え?それどこなん?って、wikiで検索すると、イタリア共和国ロンバルディア州レッコ県にある、人口僅か1万人の基礎自治体らしい。大都市ミラノから鉄道で1時間の片田舎。モトグッチがあるから我々バイク乗りにはそれなりに知られた地ではありますけど、それ以外の人にはまったくの無名だといっても過言ではないでしょう。

マンデッロ1
(湖畔のほとりの風光明媚な観光とモトグッチの街。それがマンデッロ・デル・ラーリオ。)

マンデッロはイタリアの中では、かなり北側のスイス寄りの街で、昔は要塞都市だったようです。しかし、歴史の中で有名な戦場となったこともなく、知名度のほとんどをモトグッチに依存している。街の説明を引っぱっても、「コモ湖の景観」「モトグッチの本社があることで有名」という記載くらいしか出てこず、それ以外の大見出しはない。

ミラノみたいな大都市ならともかく、マンデッロって規模からいうと、日本のちょっとした温泉地みたいなものですから、そんな表記をデカデカとメーターに入れるより、商品力優先なら「メイド・イン・イタリー」って入れた方が明らかにプラスになると思う。

マンデッロ・デル・ラーリオ2.1
マンデッロ・デル・ラーリオp2.4
(琵琶湖の水とめたろか!は滋賀県民の切り札ですが、フツーのバイク乗りのモトグッチやマンデッロに対するイメージって、この漫画と似たり寄ったりだと思うんですよ。)

昨今は多くのメーカーが世界規模の生産移管に舵を切っていて、できるだけコスト安な地域で生産し、競争力を高めて利益を上げるという戦略をとっていますから、バイクに生産地表記なんて入れているメーカーはほぼありません。モトグッチと同じく、100年以上続いてる老舗メーカーのハーレー・ダビッドソンなどは、今やアメリカ、ブラジル、タイの3箇所に生産拠点を有しており、為替リスクを回避するべく、グローバルな生産体制を敷いています。

他方、モトグッチは、いかにも交通の便の悪そうなイタリア北部に引きこもり、それが人口わずか1万人の地方都市だっていうんだから、そのスケールのあまりの小ささに逆に頭がおかしくなってくる。ハーレーと同じ100年以上の歴史を持ちながら、やってることは正反対というわけです。

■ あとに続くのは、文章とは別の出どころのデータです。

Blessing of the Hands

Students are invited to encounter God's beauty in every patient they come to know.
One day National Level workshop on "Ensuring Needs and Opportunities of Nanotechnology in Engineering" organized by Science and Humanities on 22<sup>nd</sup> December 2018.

環境規制により、空冷らしい荒削りで硬派なトルクを出すバイクがどんどん少なくなる中、V7のエンジンは、昔の堅めで独特の空冷フィールが残ってるんですよ。私のバイクは23年式ですけど、オイルクーラーも電スロもない空冷エンジンがどうやって環境規制をかいくぐり、あのフィーリングを出しているのか良くわからない謎エンジンです。生産台数が少ないが故に、「規制のギリギリのギリ」を狙ってすり抜けているんだろうなとは思いますけれども(笑)

そんな謎めいたエンジンの製造拠点が、辺鄙で風光明媚な湖のほとりの小さな街なんて、なんとも神秘的じゃないですか。そこで私の頭に浮かんでくるのは、

「カリオストロ公国」

なんですよね。日本を代表するアニメ、カリオストロの城の舞台となったこの国は、湖のほとりにある人口3500人の小さな小さな要塞都市でした。そんな小さな独立国家など、普通は強国同士のパワーバランスの中で押しつぶされてしまう運命にあります。しかし、カリオストロ公国には自治を可能とする切り札がありました。それがカリオストロ城の地下深くで作られる極めて精巧な偽札、時代の闇に潜み、世界を影で操ってきたダークマネー。ゴート札です。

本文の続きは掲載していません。